Presenter: Johnny Miller
Who is he? Datastax Solutions Architect
Where? Skills matter exchange in London
I went to an "introductory" talk even though I have a lot of experience with Cassandra for a few reasons:
- Meet other people in London that are using Cassandra
- To discover what I don't know about Cassandra
Here are my notes that in roughly the same order as the talk.
What's Cassandra? The headlines
- Been around for ~5 years - originally developed by Facebook for their inbox search
- Distributed key store - column orientated data model
- Tuneable consistency - per request decide how consistent you want the response to be
- Datacenter aware with asynchronous replication
- Designed for use as a cluster - not much value in a single node Cassandra deployment
Gossip - how nodes in a cluster learn about other nodes
- P2P protocol for how nodes discover location and state of other nodes
- New nodes are given seed nodes for bootstrapping - but these aren't single points of failure as they aren't used again
Data distribution and replication
- Replication factor: How many nodes each piece of data is stored on
- Each node is given a range of primary keys to look after
Partitioners - How to decide which node gets what data
- Row keys are hashed to decide node then a replication strategy defines how to pick the other replicas
Replicas - how to select where else the data lives
- All replicas are equally important.
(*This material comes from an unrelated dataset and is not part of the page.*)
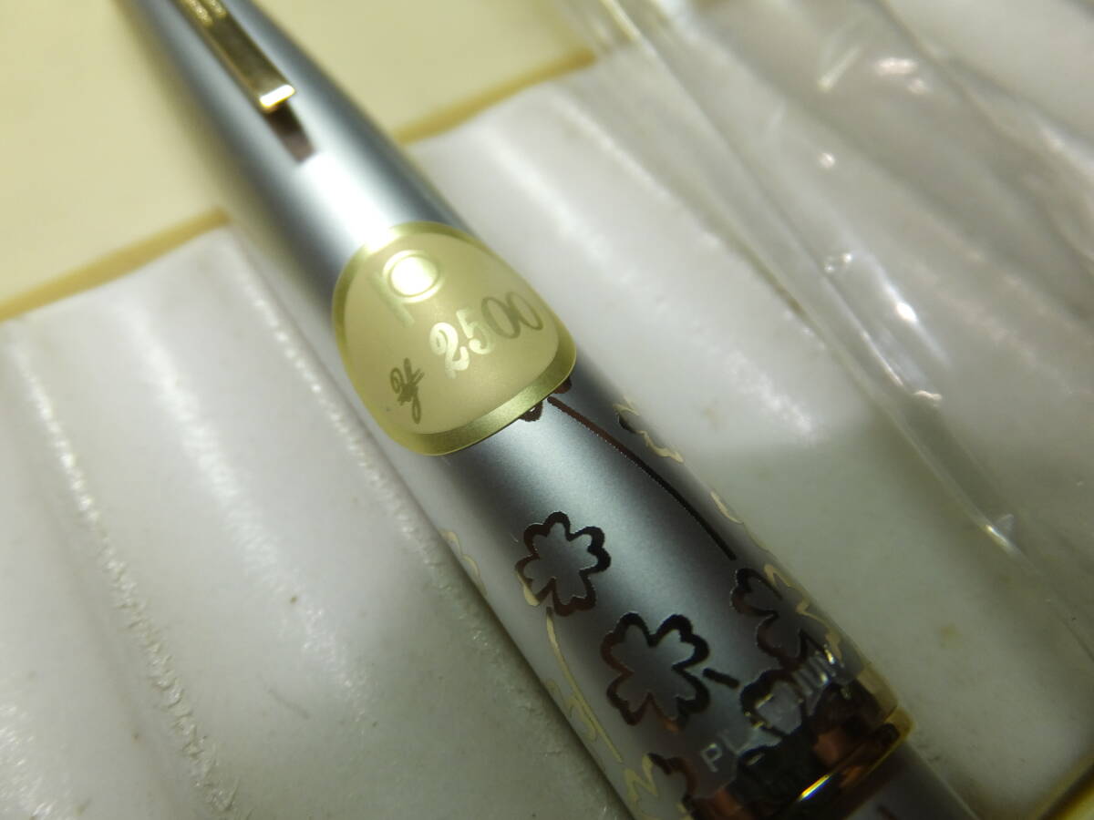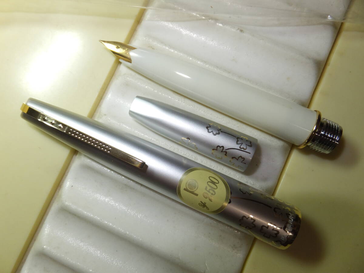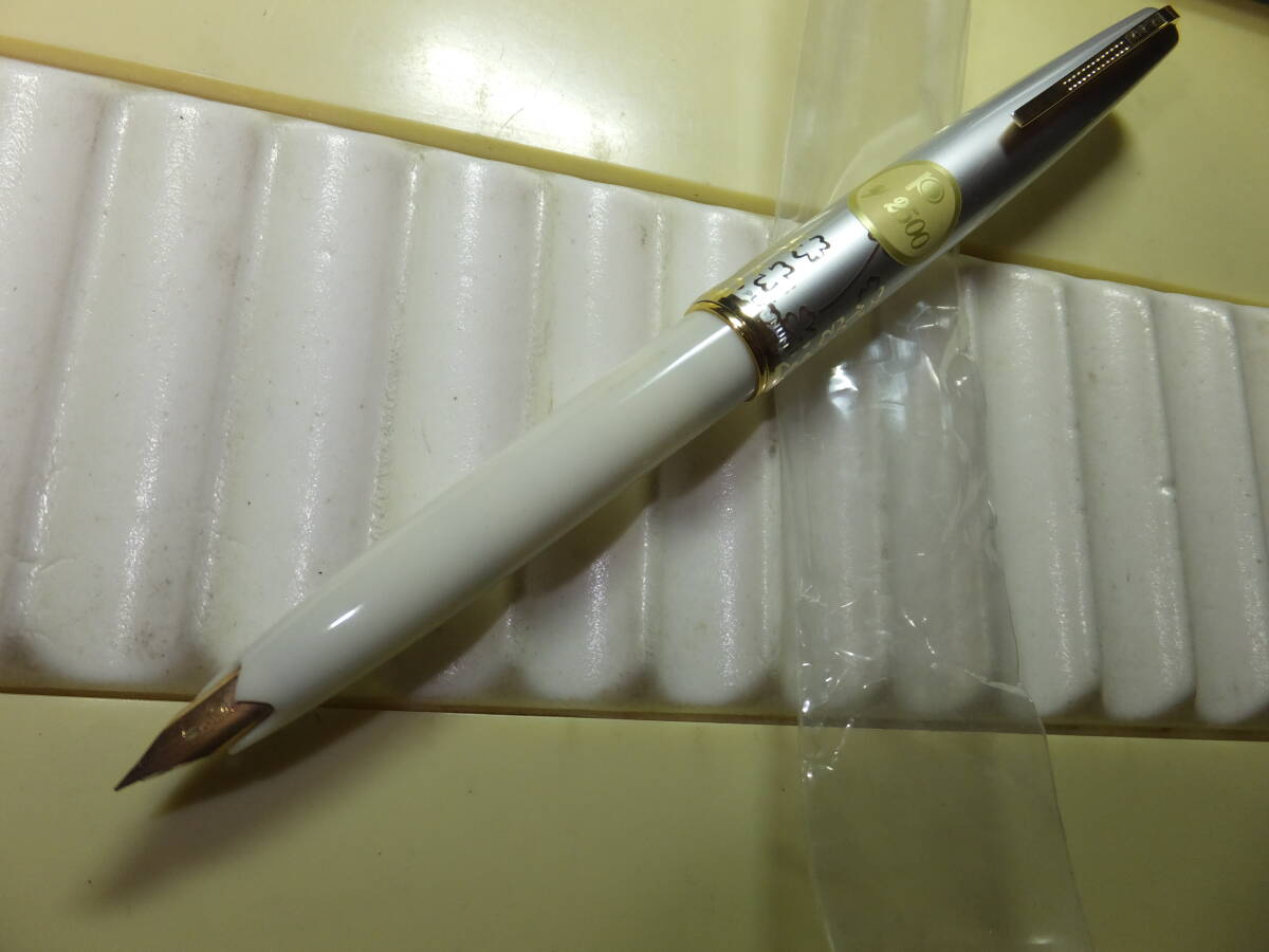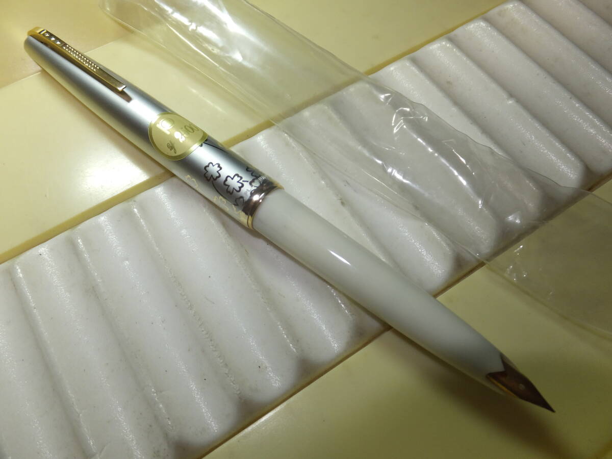 こちらは当時定価2500円。14Kペン先。キャップ、尻部にクローバーのようなの模様が入った女性向け、さわやかなデザインです。文具店でビニール袋に入った状態で長期保管されていたもので、未使用と思いますが保管時の詳細不明のため未使用に近いとさせていただきます。保管時の小傷、劣化、くすみなどあります点ご了承をお願いします。

No difference between the node the key hashed to and the other replicas that were selected
- Two ways to pick the other replicas:
- Simple: Only single DC. Specify just a replication factor. Hashes the key and then walks the cluster and picks the replicas. Not very clever - all replicas could end up on the same rack
- Network: Configure with a RF per DC. Walk the ring for each DC until it reaches a node in another rack
Snitch - how to define a data centre and a rack
- Informs Cassandra about node topology, designates DC and Rack for every node
- Example: Rack inferring snitch designates DC and Rack based on the IP of the node
- Example: Property file snitch where every node has the DC and Rack of every other node
- Example: GossipingPropertyFileSnitch: Every node knows its own DC and Rack and tells other nodes via Gossip
- Dynamic snitching: monitors performance of reads, this snitch wraps the other snitches to respond to network latency
Client requests
- Connect to any client in the node - becomes the coordinator. This node knows which nodes to talk to for the request
- Multi DC - picks a coordinator in the other data centre to replicate data there or to get data for a read
Consistency
- Quorum = (Replication Factor/2) + 1 i.e. more than half
- E.g R = 3, Q = 2, tolerate 1 replica going down to continue reading and writing at Quorum
- Per request consistency - can decide certain writes are more important and require higher consistency than others
- Example consistency levels: ANY, ONE, TWO, THREE, QUORUM, EACH_QUORUM, LOCAL_QUORUM
- SERIAL: New in cassandra 2.0
Write requests - what happens?
- The coordinator (node the client connects to) forwards the write to all the replicas in the local DC and designates a coordinator in the other DCs to do the same there
- The coordinator may be a replica but does not need to be
- For a single node writes first go to commit log (disk), then writes to meltable (memory)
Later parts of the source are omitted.